This long essay has been called "the best profile ever written."

the essay: http://www.esquire.com/features/ESQ1...T_SINATRA_rev_

interview with Talese's annotations: http://www.niemanstoryboard.org/2013...ra-has-a-cold/

"FRANK SINATRA, holding a glass of bourbon in one hand and a cigarette in the other, stood in a dark corner of the bar between two attractive but fading blondes who sat waiting for him to say something."

*the whole story is in the opening sentence. he's the center of attention, he, like the blondes, is "fading," we all wait for him to say something but he never speaks, he refuses to be interviewed.

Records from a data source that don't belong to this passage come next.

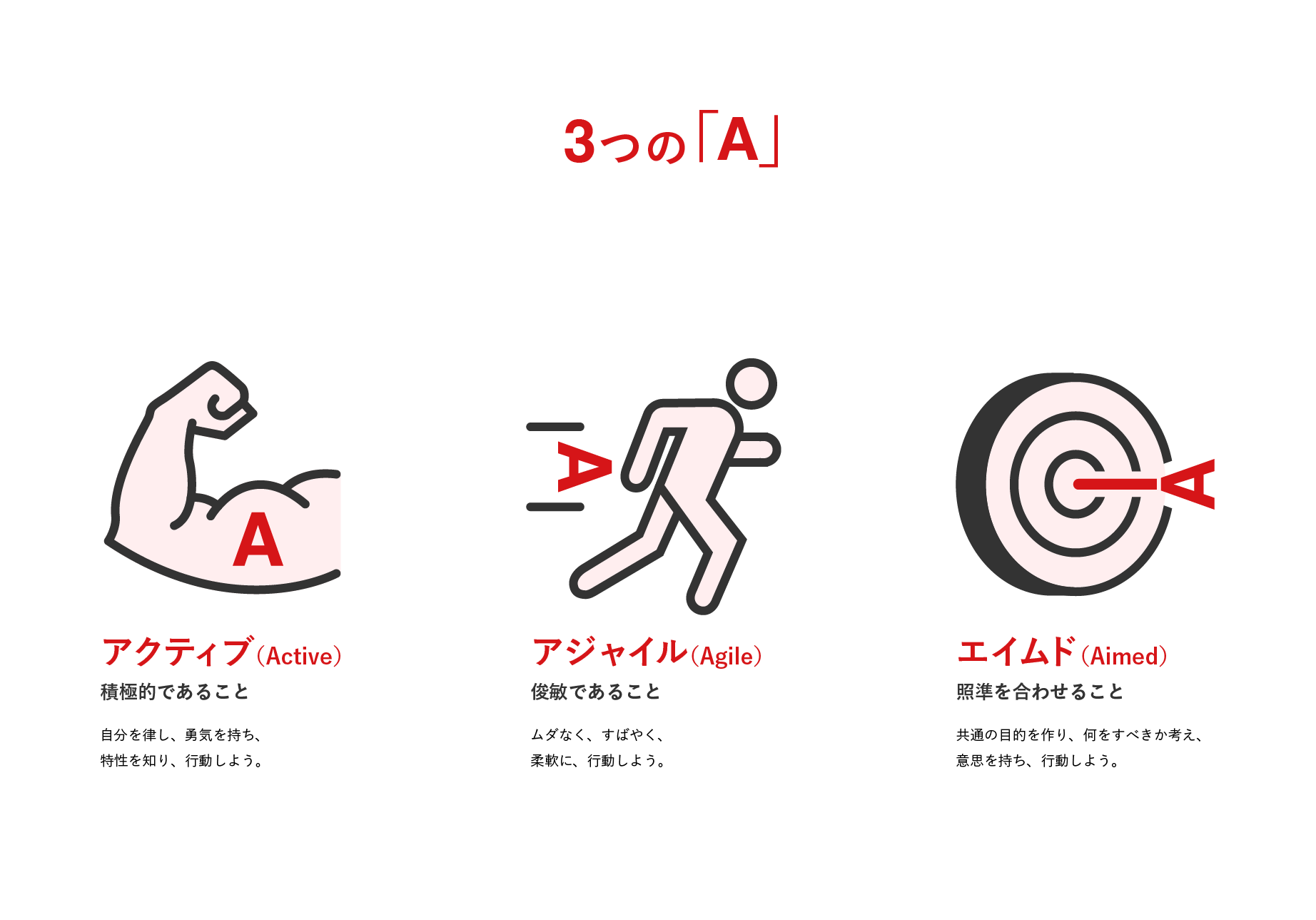 また、行動指針として「3A」を掲げていて、しくみ製作所の社員として、楽しく成長するために必要な基盤であると考えています。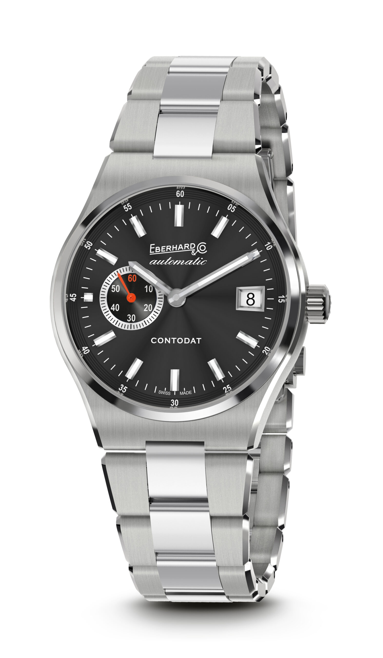 BRACELET EN ACIER intégré au boitier, avec alternance entre finition satinée et polie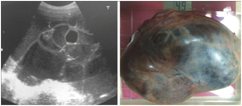 A 15year old female patient referred to pediatric surgery outpatient clinic with the complaints of abdominal bloating and abdominal pain. Routine tests, abdominal ultrasonography, and CT revealed a cystic mass extending from pelvic area to xiphoid at the size of 20x30cm, thought to be mesenteric and ovarian origin. The patient underwent operation and was monitorized with electrocardiogram (ECG), oxygen saturation (SpO2), end tidal capnography and non-invasive blood pressure and peripheric vessel cannulation was carried out with 22G catheter. Following adequate preoxygenation, in anesthesia induction, 2mg/kg propofol, 2mcg/kg fentanyl, (Talinat, Vem, Istanbul) 0.6mg/kg rocuronium (Esmeron, Schering-Plough, Istanbul) were administered. Patient was intubated with inner diameter 7.0 no tube and was ventilated at low pressure in case giant mass exert pressure on large vessels. In order to prevent hypotension which may develop following mass excision, 10ml/kg fluid resuscitation was performed. Urine output and blood loss was monitorized. A mass at the weight of 4900g mass was removed during operation. (Figure 1) Patient was hemodynamically stable during operation and was extubated without any problems.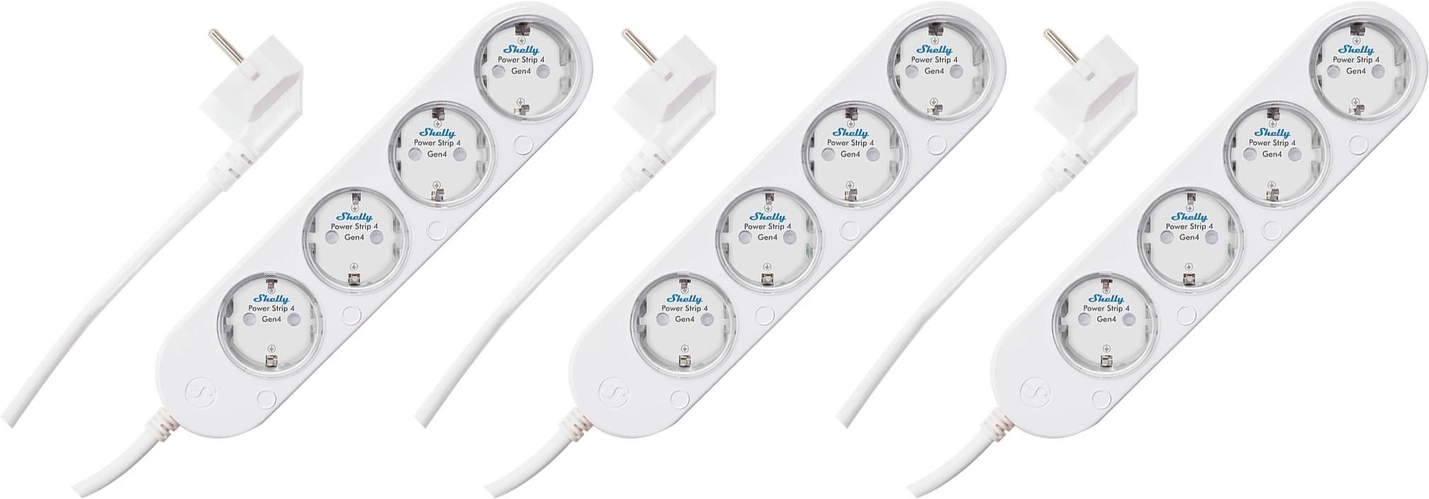 SHELLY Power Strip 4 Gen4, 4-fach Steckdosenleiste, weiß, WiFi, Bluetooth, Zigbee, Matter, Apple HomeKit, Alexa, 3 Stück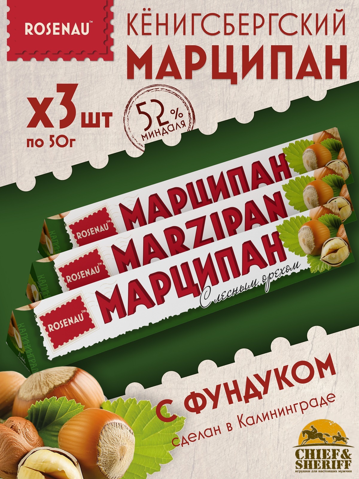 Марципан с лесным орехом (миндаль 52%), ROSENAU, 3 X 50 гр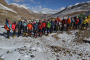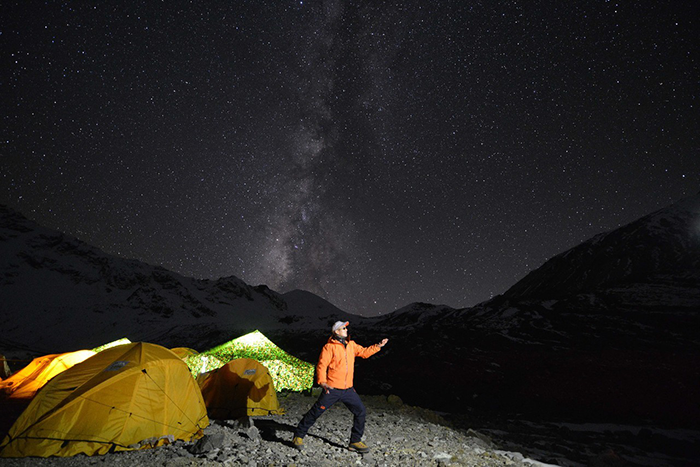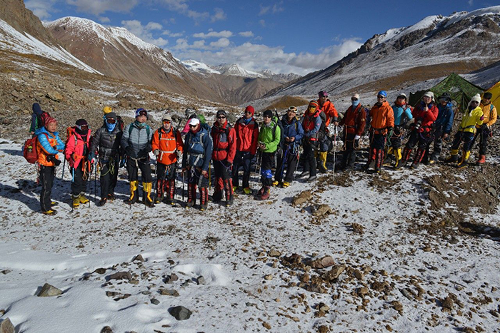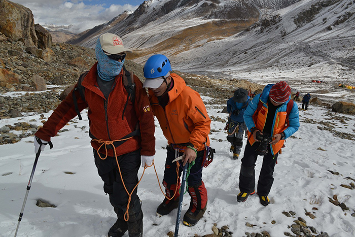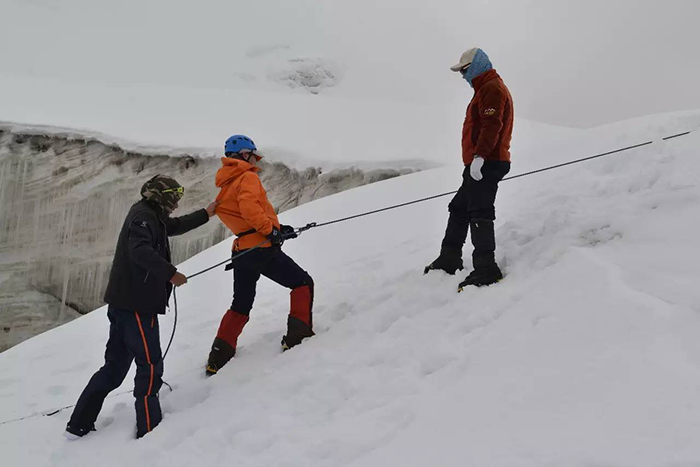 在海拔5500米處的雪線位置,教練們,選擇了一處較為平緩的雪坡,作為大本營,在這里對(duì)隊(duì)員們進(jìn)行登頂前的指導(dǎo)訓(xùn)練。指導(dǎo)隊(duì)員們使用上升器與下降器,體驗(yàn)穿著高山靴帶著冰爪走路的感覺,教練們?cè)谶@里認(rèn)真介紹技術(shù)要領(lǐng),并耐心解答隊(duì)員們提出的各種問題。休息之余大家都躲在帳篷里,有說有笑,完全消除了屋外雪山的寒冷。有從內(nèi)地來的隊(duì)友,因高原反應(yīng),頭疼難忍,張洪就幫他們一一按摩推拿,緩解疼痛,大家就像一家人,其樂融融。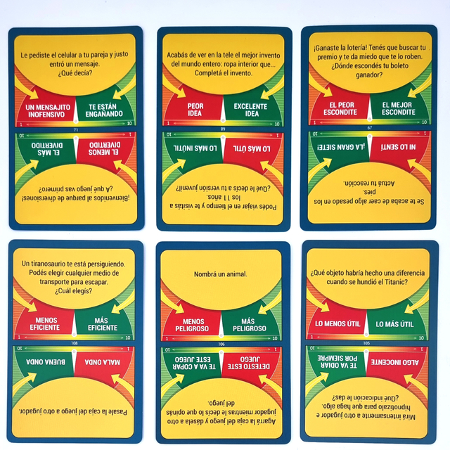 Para cada tema, cada jugador tiene que inventar una respuesta y decirla. Pero la intensidad de la respuesta debe corresponder a el número secreto que le haya tocado, del 1 (en verde) al 10 (en rojo). Entonces, si el CAPITAN pone las respuestas en el orden correcto, ¡el equipo gana!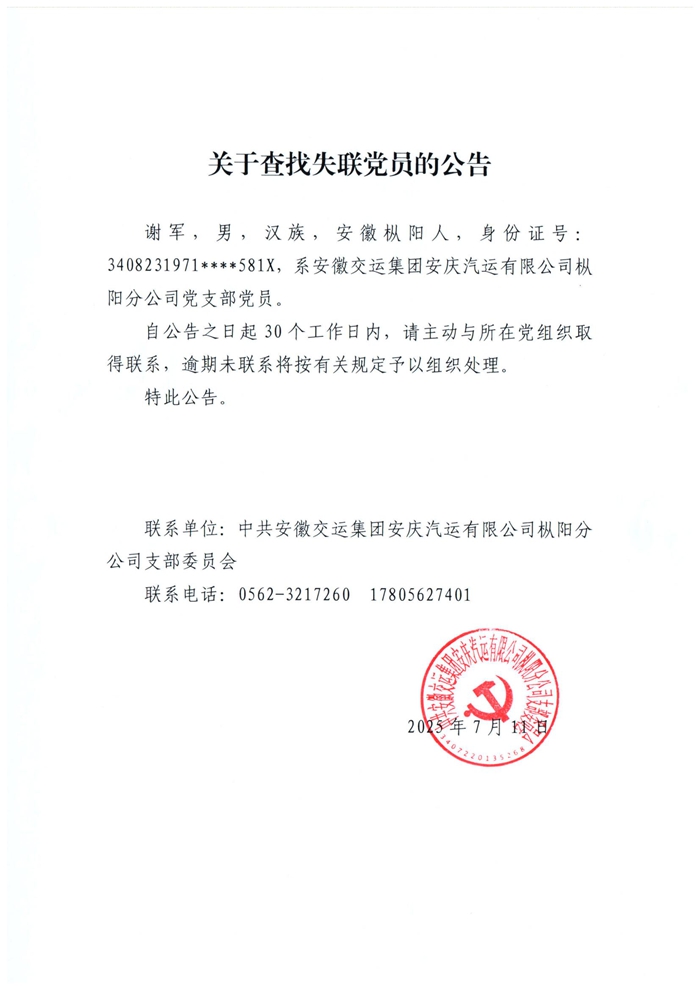 樅陽分公司黨支部關(guān)于查找失聯(lián)黨員的公告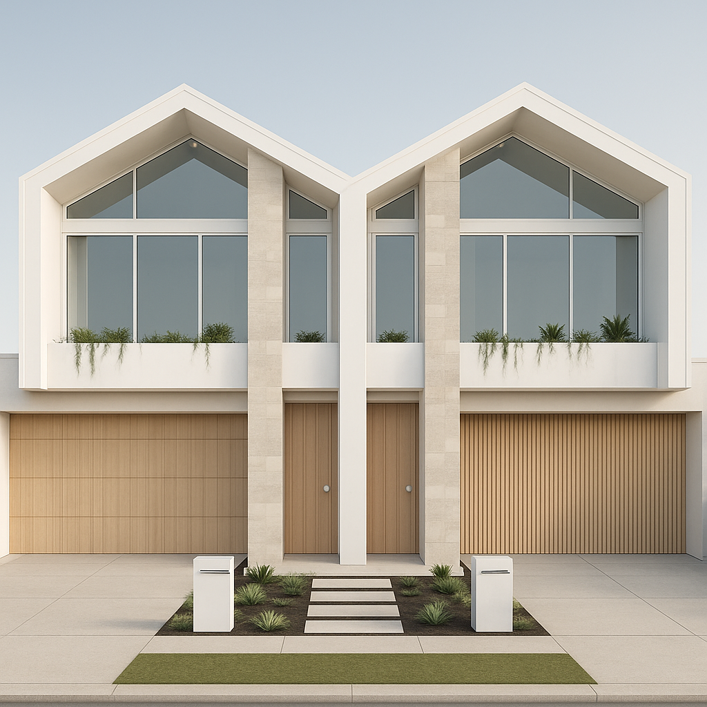 The façade is defined by clean gabled forms, crisp white cladding, and soft natural stone elements that introduce texture and depth. Vertical proportions and recessed upper balconies create shadow and articulation, while timber garage doors and entry accents add warmth against the light palette. This layered approach reflects a growing design trend toward blending coastal softness with architectural clarity, avoiding ornamentation in favour of considered detailing and material honesty.

Talese spoke to "at least a hundred" people to write the piece

a favorite sentence: "Undoubtedly the words from this song, and others like it, had put millions in the mood, it was music to make love by, and doubtless much love had been made by it all over America at night in cars, while the batteries burned down, in cottages by the lake, on beaches during balmy summer evenings, in secluded parks and exclusive penthouses and furnished rooms, in cabin cruisers and cabs and cabanas — in all places where Sinatra’s songs could be heard were these words that warmed women, wooed and won them, snipped the final thread of inhibition and gratified the male egos of ungrateful lovers; two generations of men had been the beneficiaries of such ballads, for which they were eternally in his debt, for which they may eternally hate him."

"The two blondes, who seemed to be in their middle thirties, were preened and polished, their matured bodies softly molded within tight dark suits."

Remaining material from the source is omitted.